By Nicholas Larkin
July 13 (Bloomberg) -- Gold fell in London as lower oil prices and a stronger dollar reduced the metal’s appeal as a hedge against rising consumer prices and as an alternative investment. Other precious metals dropped.
Crude oil, used by some investors as an indicator of the outlook for inflation, declined for a second day after last week dropping the most since January. The U.S. Dollar Index, a six- currency measure of the greenback’s value, today added as much as 0.3 percent. Gold tends to move inversely to the currency.
The dollar’s “rise and weak oil prices have heightened concerns about an economic recovery and eroded bullion’s appeal as an inflation hedge,” Pradeep Unni, a Richcomm Global Services analyst in Dubai, wrote today in a report.
Bullion for immediate delivery fell $3.35, or 0.4 percent, to $909.70 an ounce by 10:49 a.m. in London. The metal slid 2.1 percent last week, the biggest drop in five weeks. August gold futures lost 0.4 percent to $909.30 an ounce on the New York Mercantile Exchange’s Comex division.
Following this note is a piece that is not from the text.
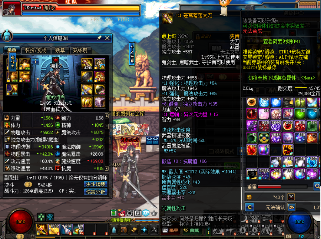 苏大大、跨2桐人红眼PK场1639力60速48移1312独立

Spot prices have fallen in five of the past six weeks. Twenty-one of 32 traders, investors and analysts surveyed by Bloomberg News, or 66 percent, said bullion would decline this week as the dollar strengthens. Five people forecast higher prices and six were neutral.
Coin Demand
Investment in the SPDR Gold Trust, the biggest exchange- traded fund backed by bullion, was unchanged at 1,109.81 metric tons on July 10, the company’s Web site showed. Gold held in ETF Securities Ltd.’s exchange-traded commodities fell 0.6 percent to 7.598 million ounces on that date, its Web site showed.
There is “little interest from the jewelry industry, modest coin and investment-bar demand, and we have seen no substantial inflows into ETFs,” John Reade, UBS AG’s head metals strategist in London, said today in a note. “A test of $900 an ounce in gold is on the cards in the near future.”
Silver for immediate delivery in London fell for a sixth day, losing as much as 1.7 percent to $12.4738 an ounce, the lowest since May 4. It last traded at $12.525, the longest streak of declines since March. Platinum dropped 1.6 percent to $1,093.25 an ounce, and palladium declined 1 percent to $233 an ounce.